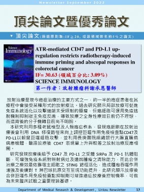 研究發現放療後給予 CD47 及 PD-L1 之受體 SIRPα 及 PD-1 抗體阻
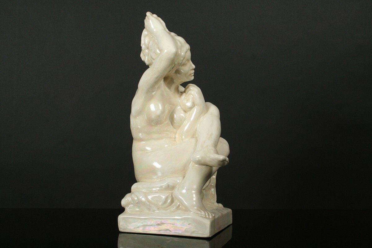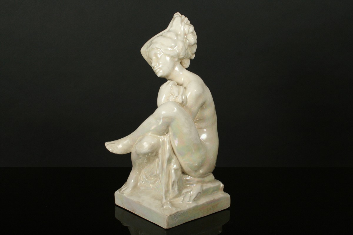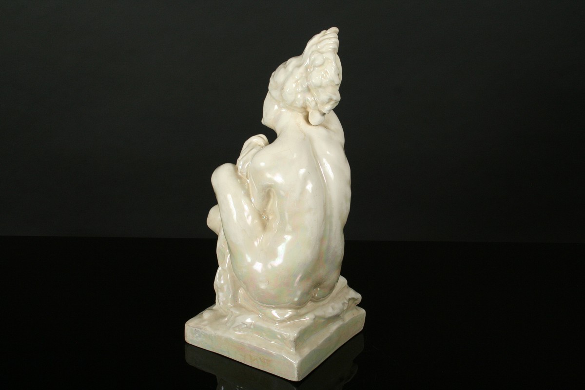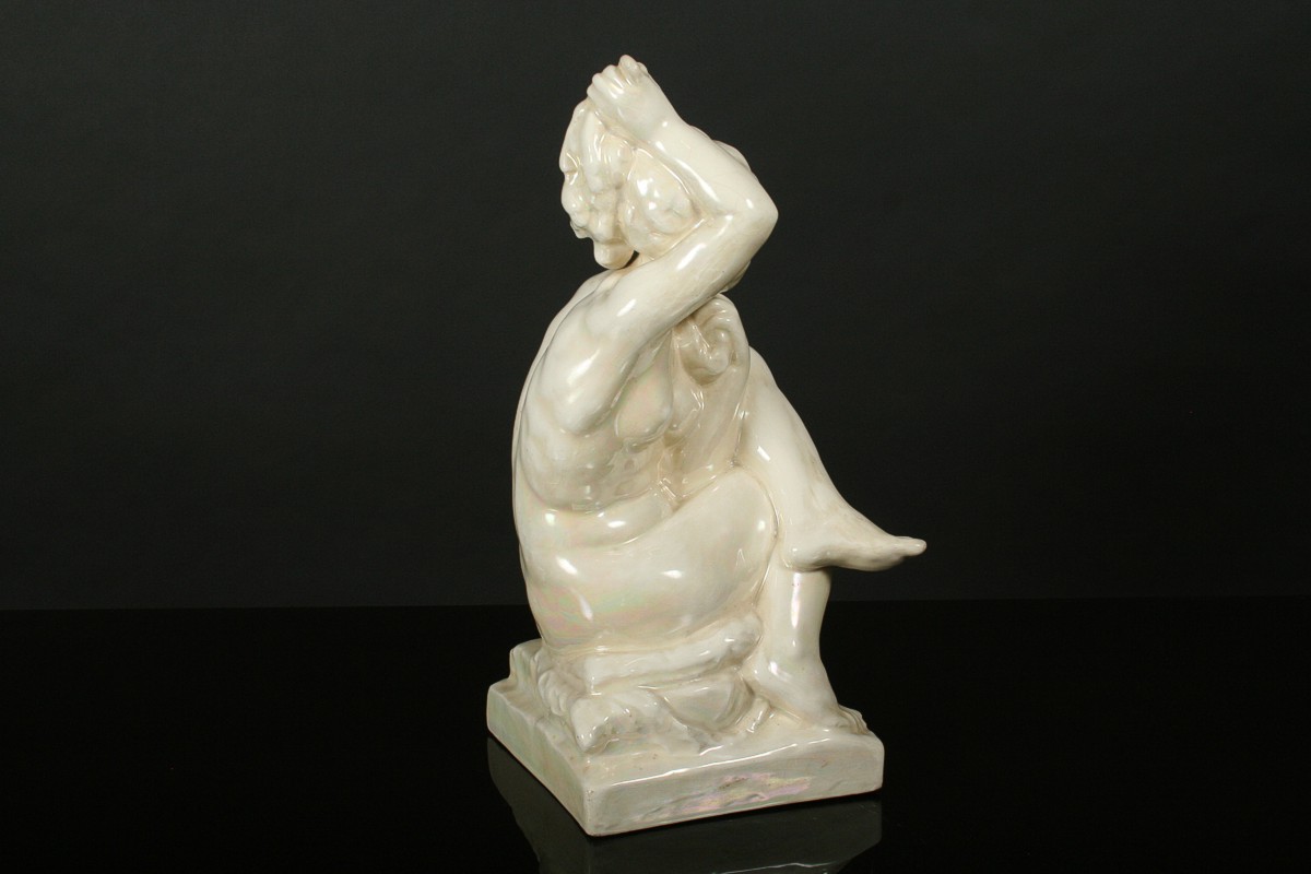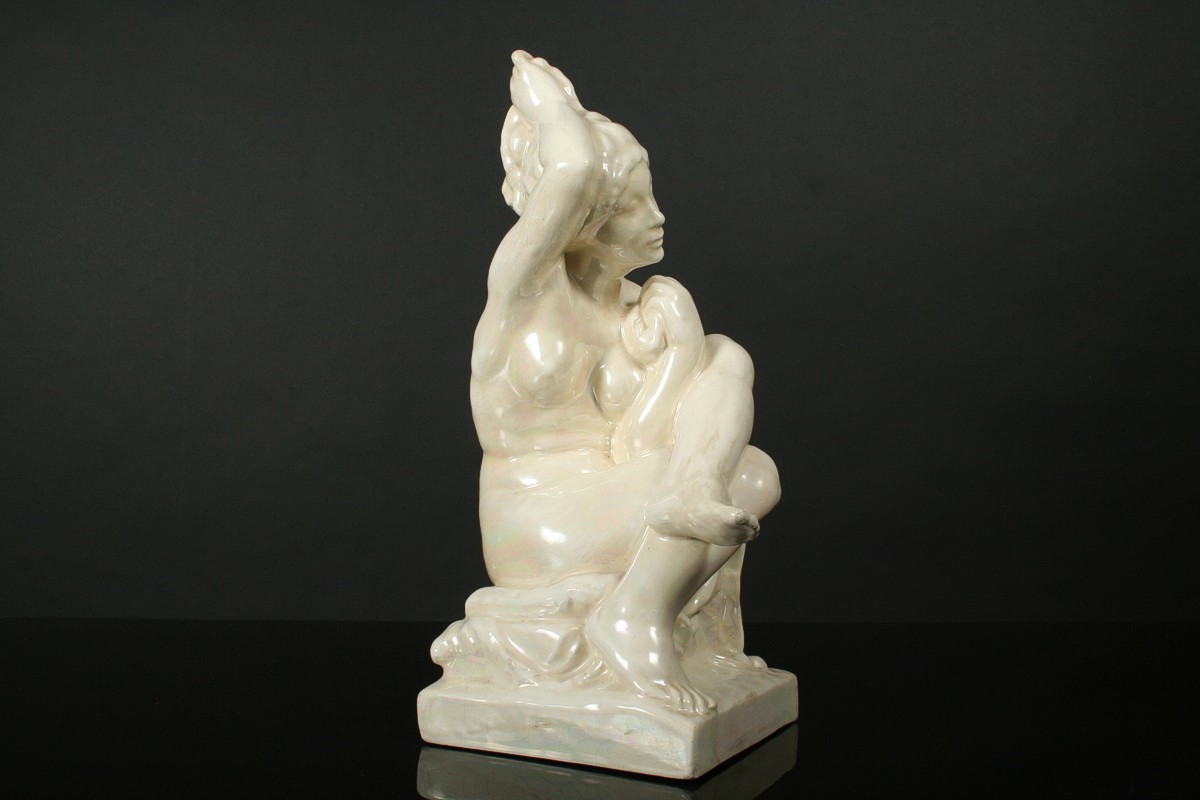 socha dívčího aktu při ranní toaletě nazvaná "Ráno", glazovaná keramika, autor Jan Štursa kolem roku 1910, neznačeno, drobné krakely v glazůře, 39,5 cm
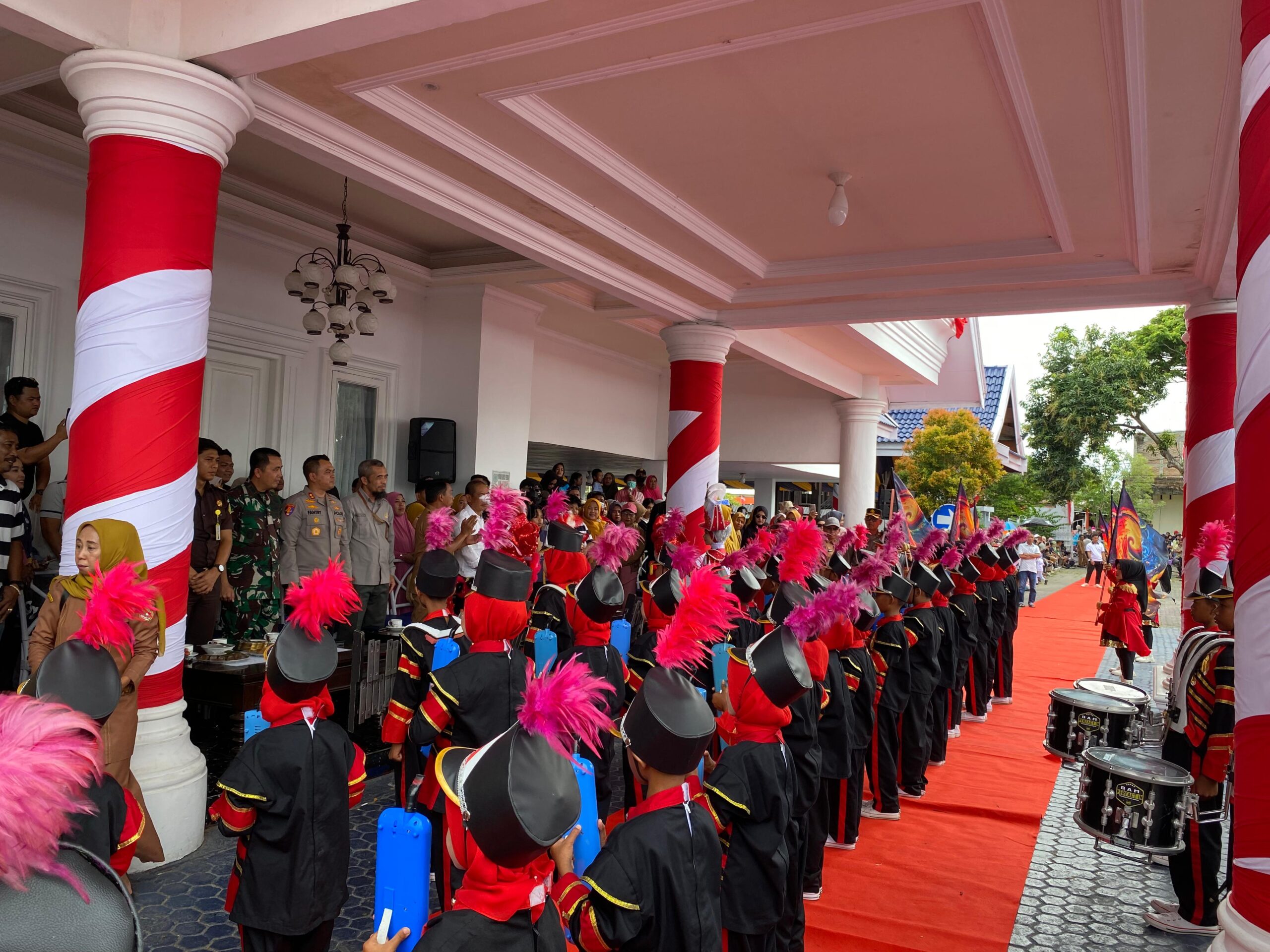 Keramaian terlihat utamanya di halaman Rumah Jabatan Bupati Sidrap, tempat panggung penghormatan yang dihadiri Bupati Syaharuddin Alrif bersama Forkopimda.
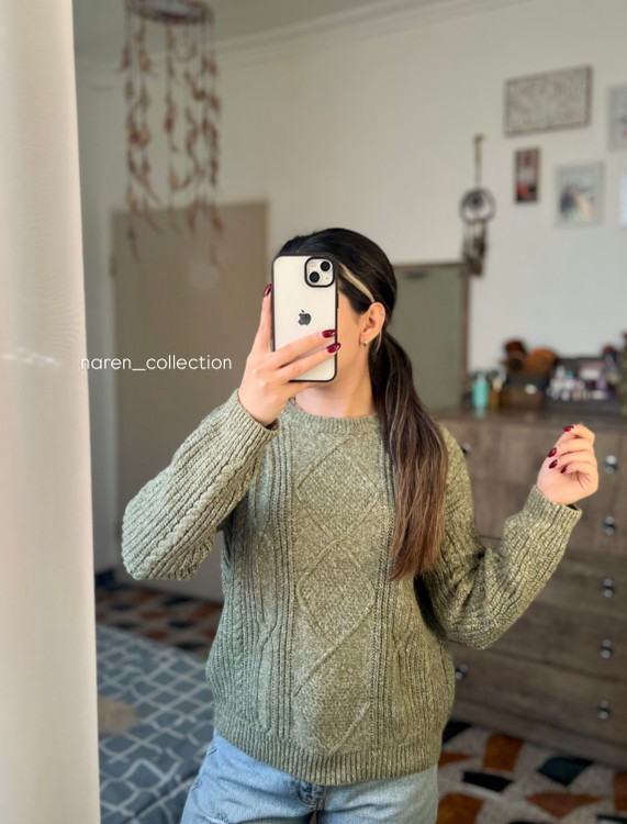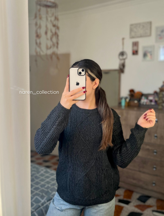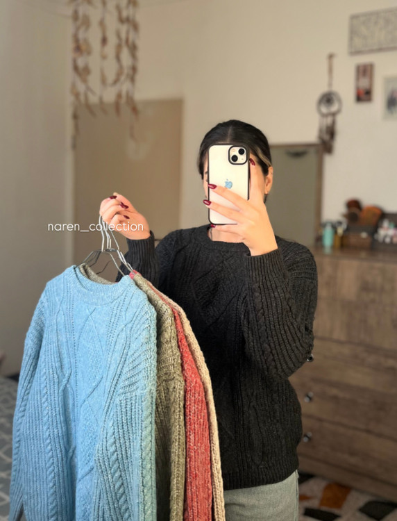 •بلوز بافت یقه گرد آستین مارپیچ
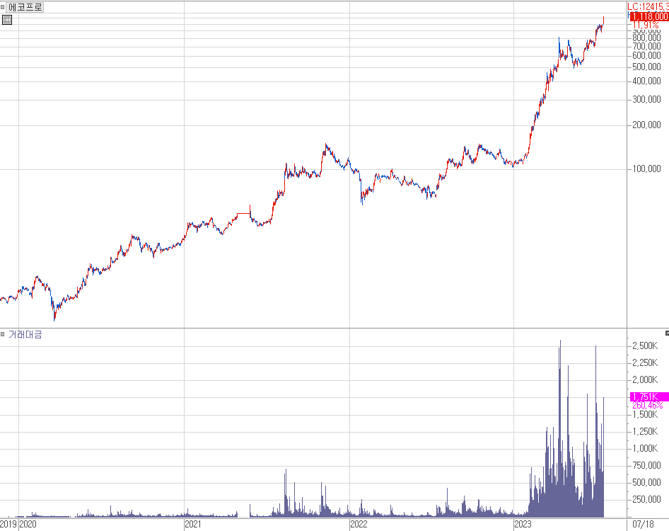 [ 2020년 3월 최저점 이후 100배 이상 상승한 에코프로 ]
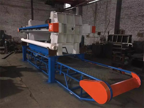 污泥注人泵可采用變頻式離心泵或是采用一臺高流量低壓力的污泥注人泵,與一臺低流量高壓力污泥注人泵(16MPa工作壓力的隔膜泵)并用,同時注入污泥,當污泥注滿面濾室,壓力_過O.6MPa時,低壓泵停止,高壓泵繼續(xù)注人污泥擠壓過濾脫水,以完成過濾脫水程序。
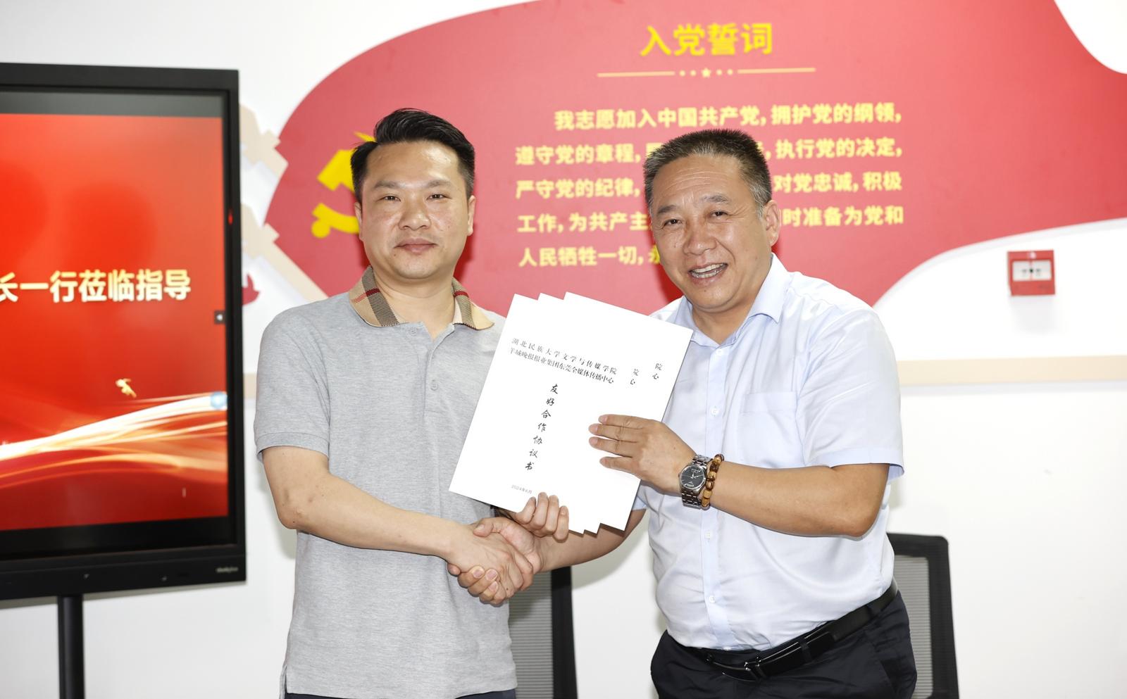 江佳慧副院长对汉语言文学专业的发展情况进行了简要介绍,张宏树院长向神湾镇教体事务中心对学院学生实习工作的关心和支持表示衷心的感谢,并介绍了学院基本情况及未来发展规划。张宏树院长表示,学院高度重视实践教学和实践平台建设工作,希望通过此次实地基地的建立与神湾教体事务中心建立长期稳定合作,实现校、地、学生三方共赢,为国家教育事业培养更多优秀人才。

§

### PROBLEM
With all pictures removed, reproduce the lines from the top of the entries above through the line containing "[ 2020년 3월 최저점 이후 100배 이상 상승한 에코프로 ]", exactly as written.

### TASK ANSWER
 研究發現放療後給予 CD47 及 PD-L1 之受體 SIRPα 及 PD-1 抗體阻
 socha dívčího aktu při ranní toaletě nazvaná "Ráno", glazovaná keramika, autor Jan Štursa kolem roku 1910, neznačeno, drobné krakely v glazůře, 39,5 cm
 Keramaian terlihat utamanya di halaman Rumah Jabatan Bupati Sidrap, tempat panggung penghormatan yang dihadiri Bupati Syaharuddin Alrif bersama Forkopimda.
 •بلوز بافت یقه گرد آستین مارپیچ
 [ 2020년 3월 최저점 이후 100배 이상 상승한 에코프로 ]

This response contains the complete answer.